[Data records Boundary: Start]
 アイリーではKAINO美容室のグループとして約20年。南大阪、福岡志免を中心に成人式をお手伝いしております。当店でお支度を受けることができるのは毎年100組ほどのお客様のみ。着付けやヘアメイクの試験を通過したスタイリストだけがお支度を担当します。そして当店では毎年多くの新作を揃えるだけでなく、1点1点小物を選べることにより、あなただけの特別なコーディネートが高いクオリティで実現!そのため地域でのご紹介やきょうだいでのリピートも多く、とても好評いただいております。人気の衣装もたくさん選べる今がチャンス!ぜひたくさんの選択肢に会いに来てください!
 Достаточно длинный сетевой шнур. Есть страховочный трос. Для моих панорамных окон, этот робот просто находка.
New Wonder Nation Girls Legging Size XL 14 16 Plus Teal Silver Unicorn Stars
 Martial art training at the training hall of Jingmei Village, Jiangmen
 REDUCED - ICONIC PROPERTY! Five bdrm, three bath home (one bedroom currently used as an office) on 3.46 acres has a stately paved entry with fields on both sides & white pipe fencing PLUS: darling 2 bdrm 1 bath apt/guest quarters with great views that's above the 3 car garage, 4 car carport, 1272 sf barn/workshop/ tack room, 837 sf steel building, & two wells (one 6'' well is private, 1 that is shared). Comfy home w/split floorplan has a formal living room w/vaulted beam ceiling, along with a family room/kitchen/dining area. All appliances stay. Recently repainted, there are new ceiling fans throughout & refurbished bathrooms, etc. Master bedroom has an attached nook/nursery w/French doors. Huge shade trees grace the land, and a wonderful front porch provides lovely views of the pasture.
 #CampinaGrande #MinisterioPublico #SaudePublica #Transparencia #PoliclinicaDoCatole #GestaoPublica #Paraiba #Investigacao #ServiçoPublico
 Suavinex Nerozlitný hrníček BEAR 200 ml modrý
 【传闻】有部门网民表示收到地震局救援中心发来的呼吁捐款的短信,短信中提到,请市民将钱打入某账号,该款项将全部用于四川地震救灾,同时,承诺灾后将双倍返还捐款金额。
[Data records Boundary: End]
Task goal
Please set down each entry again, word for word.

Solved exercise
 アイリーではKAINO美容室のグループとして約20年。南大阪、福岡志免を中心に成人式をお手伝いしております。当店でお支度を受けることができるのは毎年100組ほどのお客様のみ。着付けやヘアメイクの試験を通過したスタイリストだけがお支度を担当します。そして当店では毎年多くの新作を揃えるだけでなく、1点1点小物を選べることにより、あなただけの特別なコーディネートが高いクオリティで実現!そのため地域でのご紹介やきょうだいでのリピートも多く、とても好評いただいております。人気の衣装もたくさん選べる今がチャンス!ぜひたくさんの選択肢に会いに来てください!
 Достаточно длинный сетевой шнур. Есть страховочный трос. Для моих панорамных окон, этот робот просто находка.
New Wonder Nation Girls Legging Size XL 14 16 Plus Teal Silver Unicorn Stars
 Martial art training at the training hall of Jingmei Village, Jiangmen
 REDUCED - ICONIC PROPERTY! Five bdrm, three bath home (one bedroom currently used as an office) on 3.46 acres has a stately paved entry with fields on both sides & white pipe fencing PLUS: darling 2 bdrm 1 bath apt/guest quarters with great views that's above the 3 car garage, 4 car carport, 1272 sf barn/workshop/ tack room, 837 sf steel building, & two wells (one 6'' well is private, 1 that is shared). Comfy home w/split floorplan has a formal living room w/vaulted beam ceiling, along with a family room/kitchen/dining area. All appliances stay. Recently repainted, there are new ceiling fans throughout & refurbished bathrooms, etc. Master bedroom has an attached nook/nursery w/French doors. Huge shade trees grace the land, and a wonderful front porch provides lovely views of the pasture.
 #CampinaGrande #MinisterioPublico #SaudePublica #Transparencia #PoliclinicaDoCatole #GestaoPublica #Paraiba #Investigacao #ServiçoPublico
 Suavinex Nerozlitný hrníček BEAR 200 ml modrý
 【传闻】有部门网民表示收到地震局救援中心发来的呼吁捐款的短信,短信中提到,请市民将钱打入某账号,该款项将全部用于四川地震救灾,同时,承诺灾后将双倍返还捐款金额。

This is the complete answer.